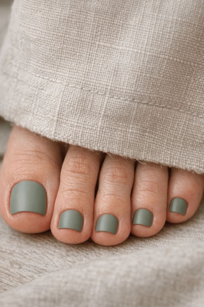 5. Matte Sage Green Spring Pedicure with Cozy Minimalism
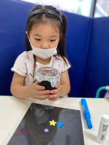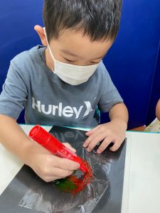 星に色付けをするため好きな色をラップに塗っていきました
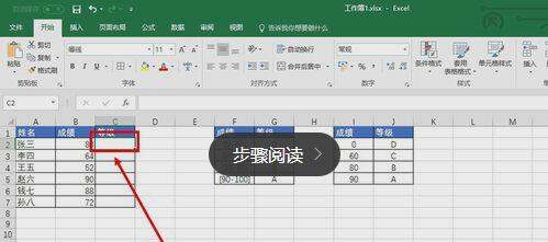 1、打开所需操作的数据表,如图,需要将各位同学的成绩按照右侧规则划分为ABCD四等。
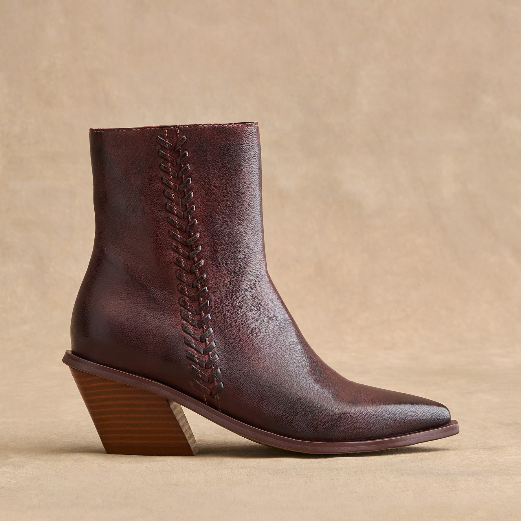 Whipstitch braid detail is the star of these dashing. handcrafted boots. Leather. Imported. Exclusive. Whole sizes 36 (US 5). 37 (US 6). 38 (US 7). 39 (US 8). 40 (US 9). 41 (US 10). 2 heel.
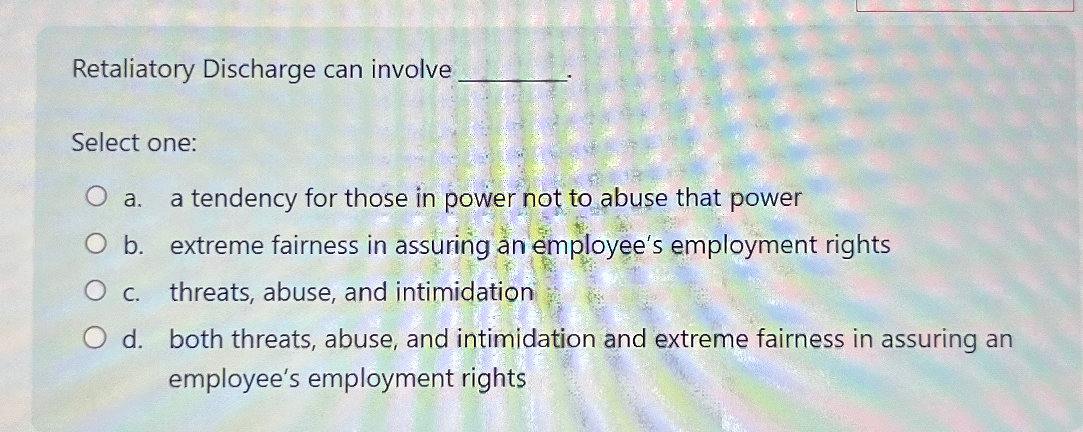 Solved Retaliatory Discharge can involveSelect onea. a
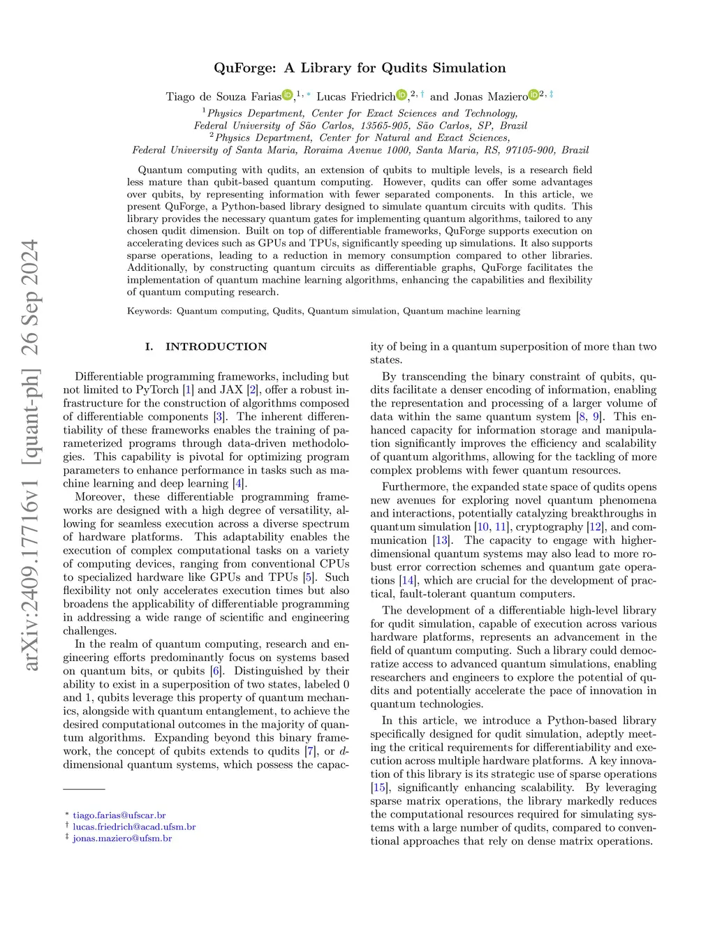 Quantum computing with qudits, an extension of qubits to multiple levels, is a research field less mature than qubit-based quantum computing. However, qudits can offer some advantages over qubits, by representing information with fewer separated components. In this article, we present QuForge, a Python-based library designed to simulate quantum circuits with qudits. This library provides the necessary quantum gates for implementing quantum algorithms, tailored to any chosen qudit dimension. Built on top of differentiable frameworks, QuForge supports execution on accelerating devices such as GPUs and TPUs, significantly speeding up simulations. It also supports sparse operations, leading to a reduction in memory consumption compared to other libraries. Additionally, by constructing quantum circuits as differentiable graphs, QuForge facilitates the implementation of quantum machine learning algorithms, enhancing the capabilities and flexibility of quantum computing research.

---+---

## Task objective
Nothing but the lines from the one containing "1、打开所需操作的数据表,如" through the final line of the records, both included and copied exactly, should appear in the answer; pictures stay out.

## Expected answer
 1、打开所需操作的数据表,如图,需要将各位同学的成绩按照右侧规则划分为ABCD四等。
 Whipstitch braid detail is the star of these dashing. handcrafted boots. Leather. Imported. Exclusive. Whole sizes 36 (US 5). 37 (US 6). 38 (US 7). 39 (US 8). 40 (US 9). 41 (US 10). 2 heel.
 Solved Retaliatory Discharge can involveSelect onea. a
 Quantum computing with qudits, an extension of qubits to multiple levels, is a research field less mature than qubit-based quantum computing. However, qudits can offer some advantages over qubits, by representing information with fewer separated components. In this article, we present QuForge, a Python-based library designed to simulate quantum circuits with qudits. This library provides the necessary quantum gates for implementing quantum algorithms, tailored to any chosen qudit dimension. Built on top of differentiable frameworks, QuForge supports execution on accelerating devices such as GPUs and TPUs, significantly speeding up simulations. It also supports sparse operations, leading to a reduction in memory consumption compared to other libraries. Additionally, by constructing quantum circuits as differentiable graphs, QuForge facilitates the implementation of quantum machine learning algorithms, enhancing the capabilities and flexibility of quantum computing research.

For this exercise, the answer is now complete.